Sappho 44 is a fragment of a poem by the archaic Greek poet Sappho, which describes the wedding of Hector and Andromache. Preserved on a piece of papyrus found in Egypt, it is the longest of Sappho's surviving fragments, and is written in epic style suiting its subject. The metre is glyconic with double dactylic expansion.

==Preservation==
The poem was preserved on Papyrus Oxyrhynchus 1232, a fragment of papyrus found at Oxyrhynchus in Egypt and first published in 1914, now in the collection of the Bodleian Library at Oxford University.
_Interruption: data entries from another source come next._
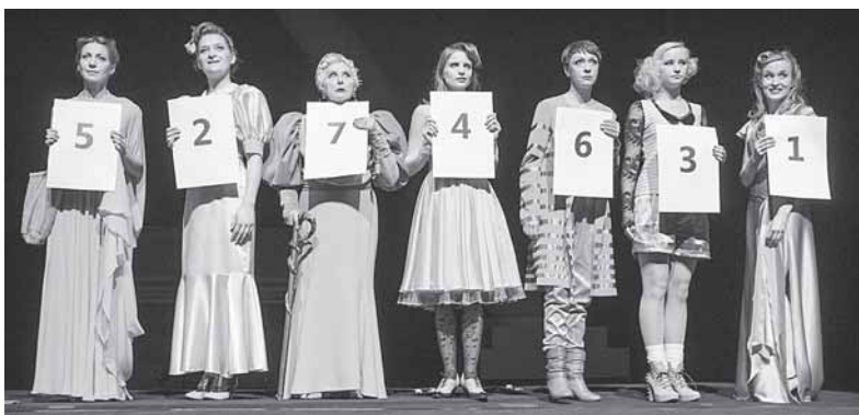
„8 mylinčios moterys“

Spalio 13 d. 18 val. Valstybinio jaunimo teatro spektaklis „8 mylinčios moterys“.
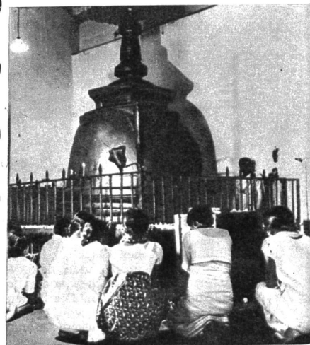
Im sogenannten Untern Tempel stehen verschiedene Dagobas, von denen jede einzelne eine besondere Wirkung ausstrahlen soll

Der heilige Zahn selbst liegt hinter einem soliden Silber-tisch in einem glockenförmigen Behälter - Dagoba geheissen - in dem wiederum sechs über und über mit Smaragden und Rubinen besetzte Kästchen den heiligen Zahn umrahmen, der in der Mitte einer reingoldenen Lotusblume
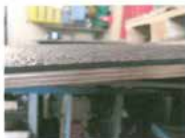
Abb. 1 : Rutschhemmende Beschichtung
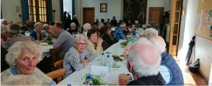
Les convives qui ont dégusté des délicieuses bouchées à la reine préparées par le traiteur Specht.
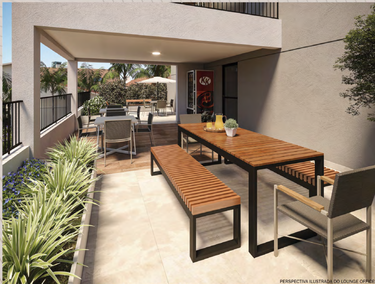
PERSPECTIVA ILUSTRADA DO LOUNGE OFFICES

Ilustração artística com sugestão de decoração. Móveis, utensílios e objetos de decoração são meramente ilustrativos e não fazem parte do contrato de compra e venda. Os acabamentos serão entregues conforme memorial descritivo do empreendimento
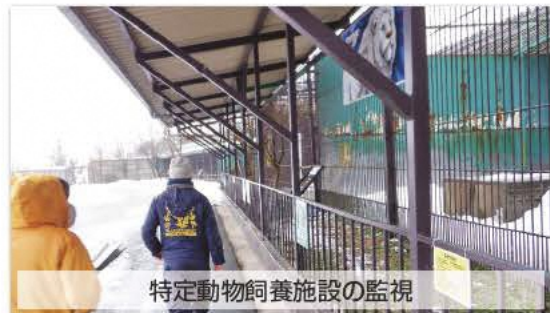
特定動物飼養施設の監視
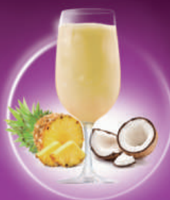
Piña Colada PIÑA, COCO PINEAPPLE, COCONUT & RON CON COCO / RUM WITH COCONUT
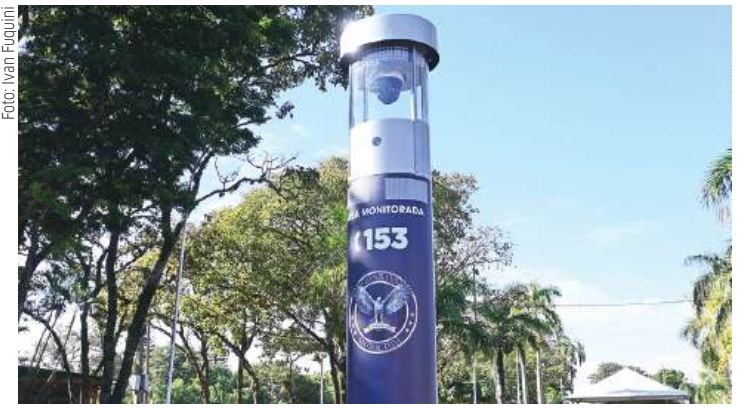
Prefeitura de Paranavaí contratou 10 totens de segurança, em regime de locação, e investe cerca de R$ 180 mil mensalmente

Cabe destacar que o município contratou 10 totens de segurança, em formato de locação, e instalou os equipamentos em diferentes pontos da cidade, considerados pela gestão como estratégicos para o combate à criminalidade. O investimento público é
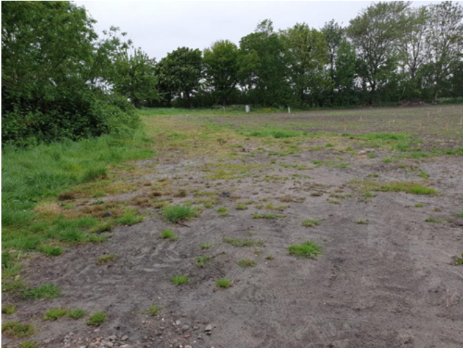
Figuur 3: Foto van terrein LiberTerra Geestmerambacht op 13 Mei 2020

Echter, het creëren van een tijdelijke gemeenschap met woon-, leer- en werkfuncties op een nieuwe locatie heeft per definitie te maken met een grote diversiteit aan stakeholders. Uit eerdere ervaringen is gebleken dat het betrekken van de lokale bevolking, organisaties en bedrijven een belangrijke succesfactor is. LiberTerra heeft op dit moment geen overzicht over welke lokale groepen
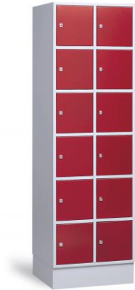
⚠ Model ST43 heeft 12 vakken (4 hoog x 3 breed)

Het stalen kastenprogramma van Aestic is een goed alternatief voor de houten kasten. De garderobe- en vakkenkasten zijn er in diverse uitvoeringen. Hierdoor heeft u in dit leveringsprogramma ook vele mogelijkheden. De stalen kasten kunnen geëpoxeerd worden in iedere gewenste RAL-kleur
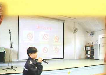
警長到校宣傳禁毒訊息
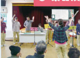
初めてされる楽器にウキウキ、ドキドキ◎「私、指揮やったことあるんや」と、さすが手つきが様になっていました!!
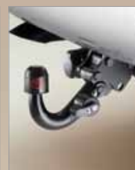
HAK HOLOWNICZY DEMONTOWANY
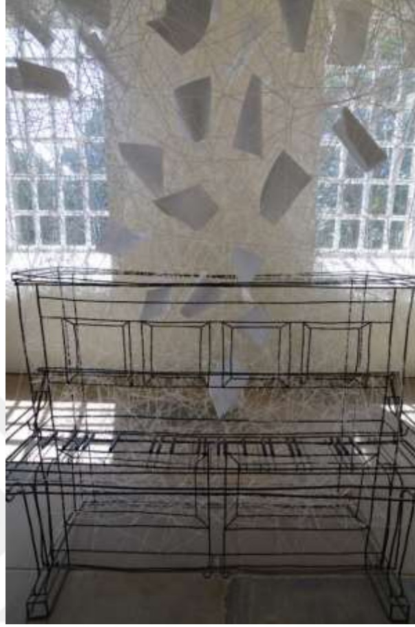
Görsel 11: Chiharu Shiota, 'Beyond Time', 2018, Metal Piyano Çerçevesi (Detay), Yorkshire Sculpture Park, UK

Chiharu Shiota'nın, hayal gücünün ve yaşantılarının izlerini yansıtan enstalasyonları arasında İngiltere'de Yorkshire Heykel Parkı'ndaki 'Beyond Time' gösterilebilir. Bu çalışmada sanatçı geçmiş dönemlerin anılarına atıfta bulunarak bir şapel olarak kullanılan mekânın anlam ve anılarına vurgu yapar. "Müziksiz metal bir piyano yapısı yarattı, ancak görsel melodinin akışını sağlamak için telleri kullanmayı amaçladı. İpler boşluğu dolduruyordu ve şapelin geçmişine ait belgelerin kâğıt kopyaları, çapraz ve satırların arasına geçirilmişti. Geçmişin kanıtları iplerle birbirine bağlı ve kuruluma yardım eden insanlar, kurulum çok emek yoğun olduğu için birbirine bağlandı" . Geniş bir alanda kurgulanan bu çalışmanın bölümleri izleyicilerin etkileşimine imkân tanır. "İzleyicilere fiziksel ve duygusal bir tepki vermeye zorlayan devasa bir enstalasyon" olan 'Beyond Time', mekân ile izleyiciler arasında bir bağ kurar (Wan, 2020, s. 8-9). "Shiota, odanın ortasındaki bir tel
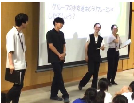
【リフレーミングの教師寸劇】

生徒の感想には、「自分の短所をリフレーミングすることでポジティブに考えることが自分らしく生きるのに大切なことだと思った」「みんなと話し合いながらポジティブに考えることによって少し心が軽くなったなと思いました」などという記述がありました。

The papyrus dates to the first half of the third century AD. Fragment 44 is the longest piece of Sappho's poetry preserved. A second papyrus, Papyrus Oxyrhynchus 2076, confirms Sappho's authorship, and shows that the poem came at the end of the second book of the Alexandrian edition of her works; a citation in Athenaeus also supports this attribution.

==Poem==
The poem's meter is the glyconic with double dactylic expansion (gl^{2d}) – each line is of the form "xx -uu -uu -uu- ux", where "-" denotes a long syllable, "u" a short syllable, and "x" a syllable which could be either long or short. In the Alexandrian edition of Sappho's poems, it was included in Book II.

Sappho's authorship of the poem has been contested. Scholars such as Edgar Lobel and Ulrich von Wilamowitz-Moellendorf have doubted that Sappho wrote the work due to its epic style. However, the poem was accepted as authentic in the Alexandrian edition of Sappho's poetry, and modern scholars generally agree that she wrote the poem.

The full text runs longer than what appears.